Consider the problem

<jsm>u_t=u_{xx}</jsm>, <jsm> t\ge0,</jsm> and <jsm>0<x<1</jsm>

with initial condition

<jsm>u(x,0)=\sin(\pi x)</jsm>

and boundary conditions

<jsm>u(0,t)=0</jsm> for <jsm> t\ge0,</jsm>

and

<jsm>u(1,t)=0</jsm> for <jsm> t\ge0.</jsm>

Implement the Forward Euler method, the Backward Euler method and the Crank-Nicholson method for the heat equation..

**Task 1** Implement the above mentioned methods. Verify the order in time and space for each of the implemented techniques. Compare the numerical solution with a reference solution obtained using one of the three techniques with very small step sizes in space and time. Think about what you should do to compare the reference solution to the numerical approximations given by the three methods.
Derive the exact solution of this problem (use separation of variables) and verify that everything works as with the reference solution also when comparing the numerical approximations to the analytic exact solution.

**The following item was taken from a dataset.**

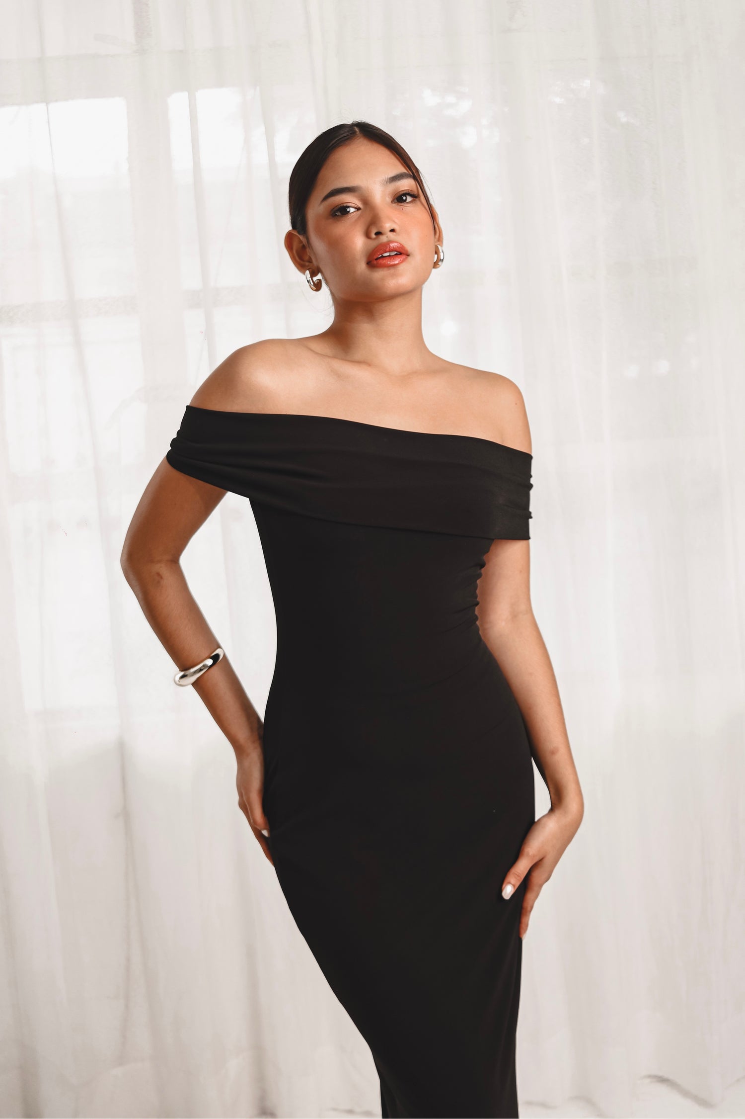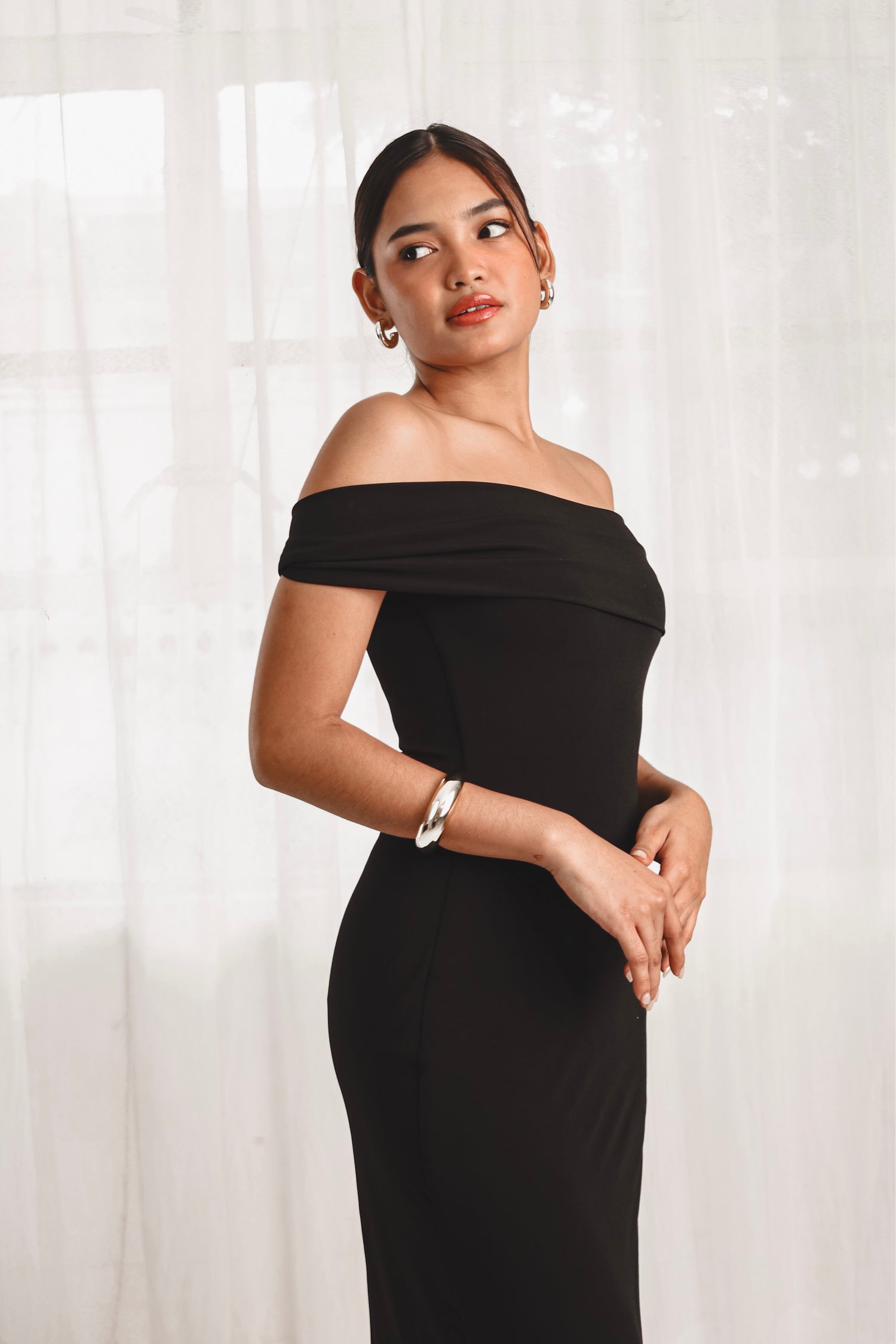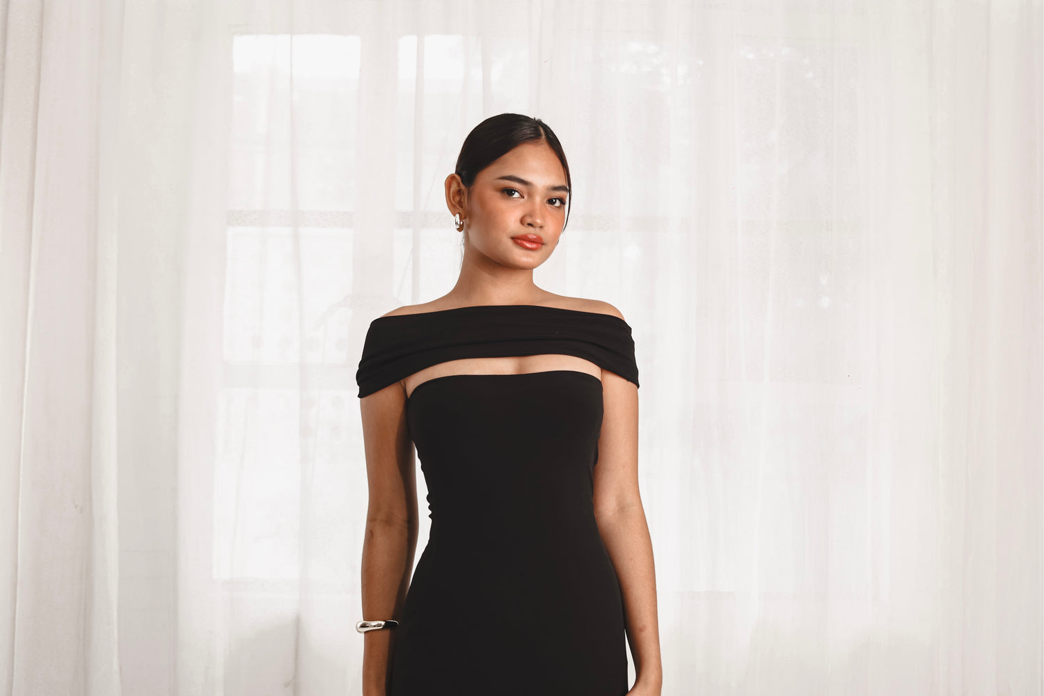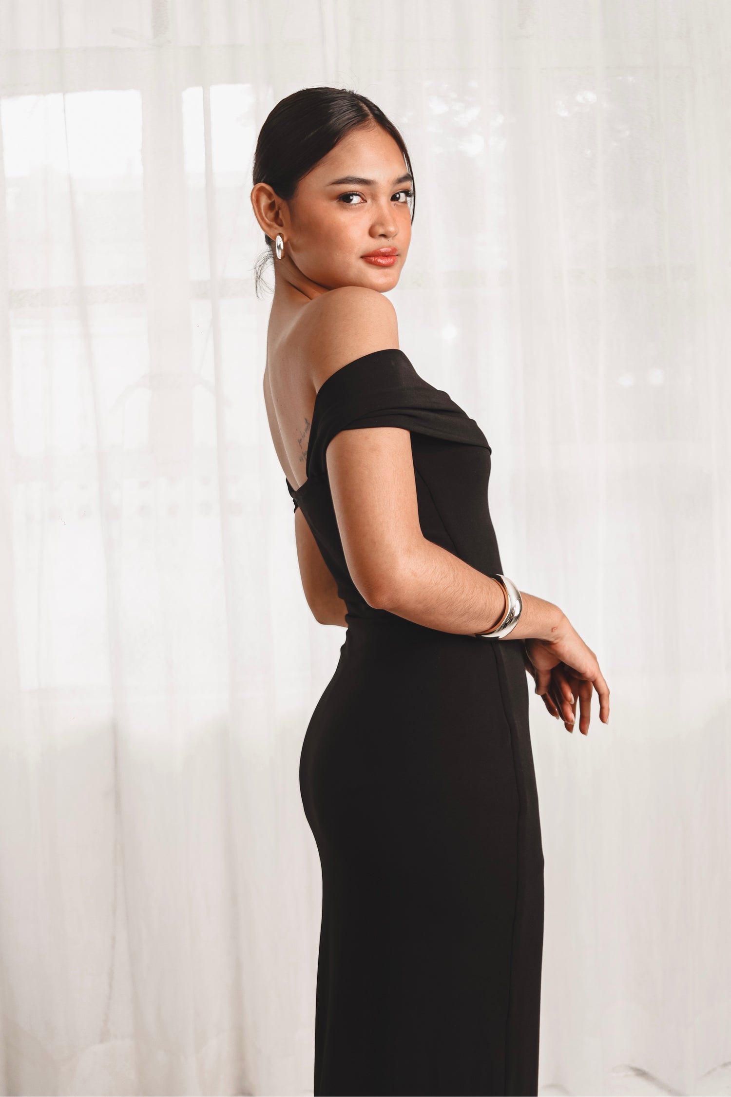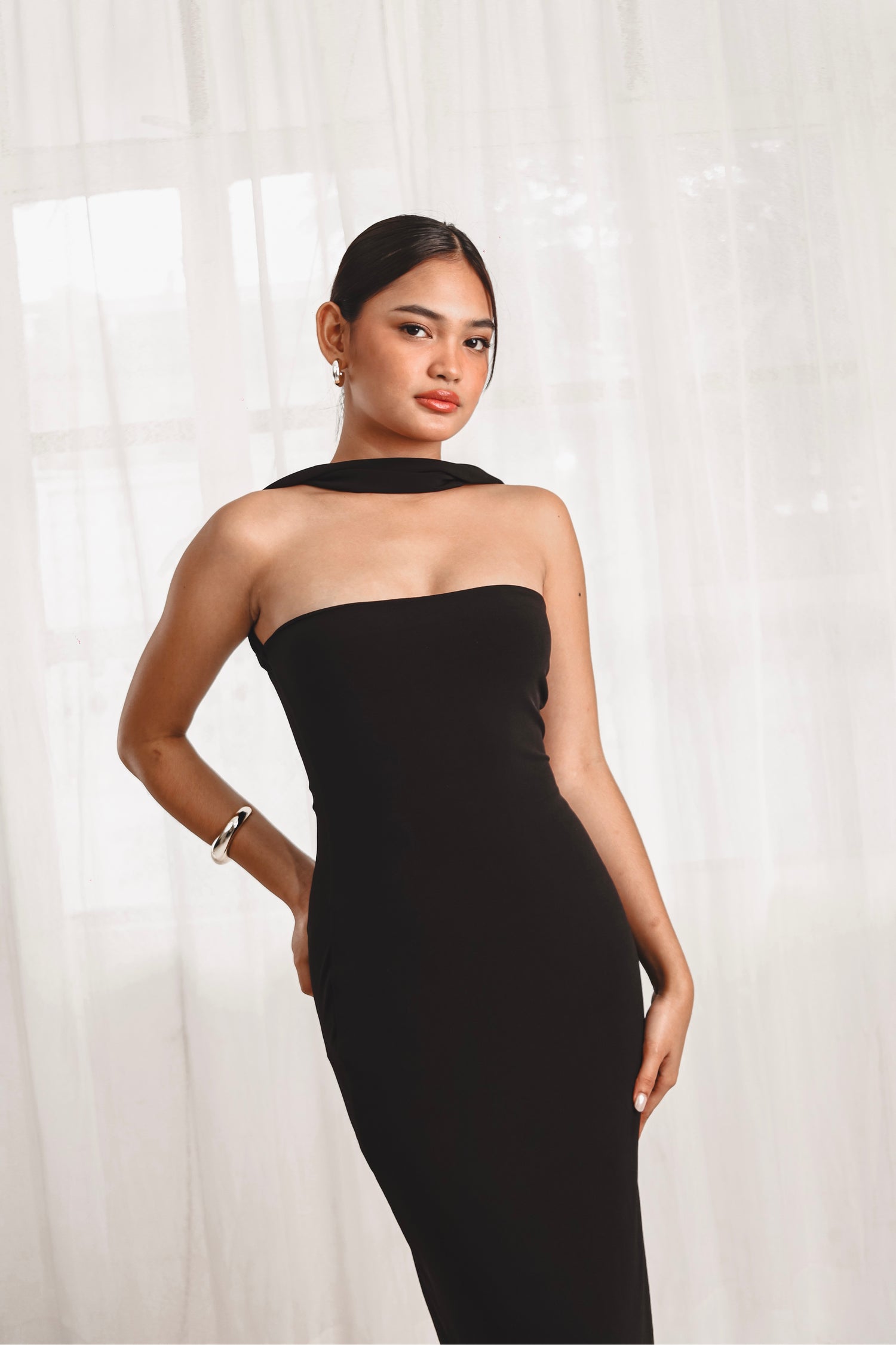 The Renner Maxi Dress is your go-to for understated drama and endless versatility. Designed with a sleek straight neckline and a detachable off-shoulder panel, it offers three elegant styling options—draped across the shoulders for subtle allure, pulled down for added coverage, or wrapped around the neck as a scarf for a refined twist. The fitted silhouette skims the body beautifully, blending ease and sophistication. From intimate dinners to after-dark occasions, Renner moves effortlessly with you—modern, timeless, and endlessly adaptable.

**Task 2** Make numerical experiments with rather *large* values of the time-step. What do you observe?

**Task 3** Consider now a heat equation problem with Neumann boundary conditions.
Implement these boundary conditions using different strategies (order 1 and 2, with and without fictitious nodes) and verify the order for each strategy.

**Task 4** Consider periodic boundary conditions, implement the three methods again and check the order in space and time.